Os interesses de classe e consequentes estratégias de acção personificadas por Christabel e Sylvia mostraram-se tão inexoravelmente irreconciliáveis como continuam a ser, hoje, as antagónicas matrizes ideológicas que os sustentam. Os interesses das mulheres das classes dominantes serão sempre contrários aos interesses das mulheres trabalhadoras: da opressão e exploração destas depende a subsistência última daquelas. Assim se solidificou, hoje, um feminismo neo-liberal comprometido com a manutenção do status quo que continuamente beneficiará as mulheres das classes dominantes e as ocupará com a frívola e performativa luta por pontuais alterações às suas situações particulares.
Defender a emancipação das mulheres a partir de um posicionamento marxista, pensando a sociedade de classes como raiz de todas as formas de opressão, é infinitamente diferente de defendê-la partindo do pressuposto neo-liberal de que a opressão das mulheres tem base na natureza dos homens. Aceitarmos esta última – e o seu carácter não-dialéctico e a-histórico – pressupõe aceitarmos como natural e imutável, não só a opressão das mulheres em função do seu sexo, mas igualmente o capitalismo (ainda que este se veja, neste contexto, raras vezes chamado à discussão).
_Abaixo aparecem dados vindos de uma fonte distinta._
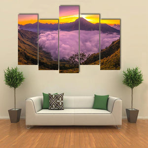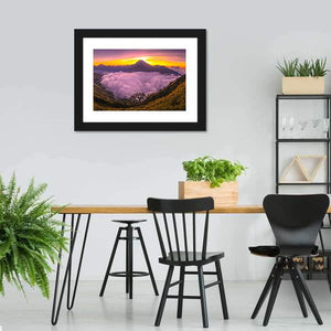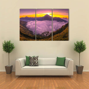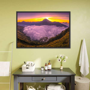 A photorealistic mountain landscape shows thick, fluffy clouds filling a valley as the sun rises behind a peak, creating a serene, majestic, and slightly ethereal mood. Warm purples, oranges, and yellows give the scene a soft glow that suits modern living rooms or bedrooms as wall decor.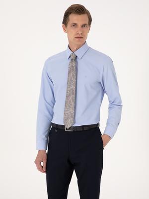 Gömleğin kumaşı, hafif ve nefes alabilir yapısıyla gün boyu rahatlık sağlamaktadır. Slim fit kesimi sayesinde vücuda oturarak hem iş ortamlarında hem de özel günlerde kullanıma uygun hale gelmektedir. Mavi tonları, hem açık hem de koyu renk pantolonlarla rahatlıkla kombinlenebilir, böylece gardırobunuzda çok yönlü bir parça olarak öne çıkmaktadır. Uzun kollu yapısı ise mevsim geçişlerinde ideal bir tercih sunmaktadır.

Não tenhamos dúvidas de que é a sociedade de classes, a propriedade privada e o Estado que, edificando a concepção burguesa de família e determinando a divisão sexual do trabalho e a exploração reprodutiva da mulher, estabelecem a opressão específica da mulher em função do seu sexo. A abolição desta opressão dependerá, logicamente, da abolição da sociedade de classes; e, a abolição da sociedade de classes, de uma revolução socialista. Somente esta última será capaz de criar as condições para a emancipação real da mulher e a enfim igualdade entre mulheres e homens.
A classe trabalhadora deve organizar-se combatendo, não só todas as formas de opressão e exploração mas, igualmente, todas as tentativas de no seu seio se criarem divisões. A impreterível luta contra a opressão e discriminação das mulheres deve ser travada a par da inequívoca rejeição do feminismo burguês e pequeno-burguês que coloca como central um conflito último entre mulheres e homens, vítimas e infractores, fragilizando a nossa capacidade organizativa. Devemos, pois, reconhecer de que lado estamos quando falamos hoje de feminismo e emancipação das mulheres.
Defendemos os direitos das mulheres apoiando-nos numa bafienta direita que nos quer acorrentadas à subserviência sob ilusão de defender os nossos espaços exclusivos em função do sexo? Defendemos os direitos das CEOs que lucram com a exploração da nossa força de trabalho? Lutamos ao lado de quem nos explora porque partilhamos características sexuais? Defendemos os direitos das mulheres trabalhadoras a partir de posicionamentos individualizados e identitários que nos separam umas das outras e dos nossos companheiros de classe?
Ou lutamos ao lado de todos os trabalhadores por condições de trabalho dignas, por salário igual para trabalho igual, pela salvaguarda dos nossos direitos sexuais e reprodutivos, pela efectivação do direito à maternidade e paternidade, pela contratação colectiva, por horários regulados, pelo acesso de todos, em condições de igualdade, à saúde, à educação, à habitação, à cultura?
Olhar a cisão no seio do movimento sufragista britânico deve consolidar a nossa certeza de que a crença num inultrapassável antagonismo de sexos, bem viva ainda hoje, reduz a luta a uma ineficácia e estagnação reacionárias. A luta é dos trabalhadores, mulheres e homens apontando para o horizonte da emancipação e de um futuro mais justo.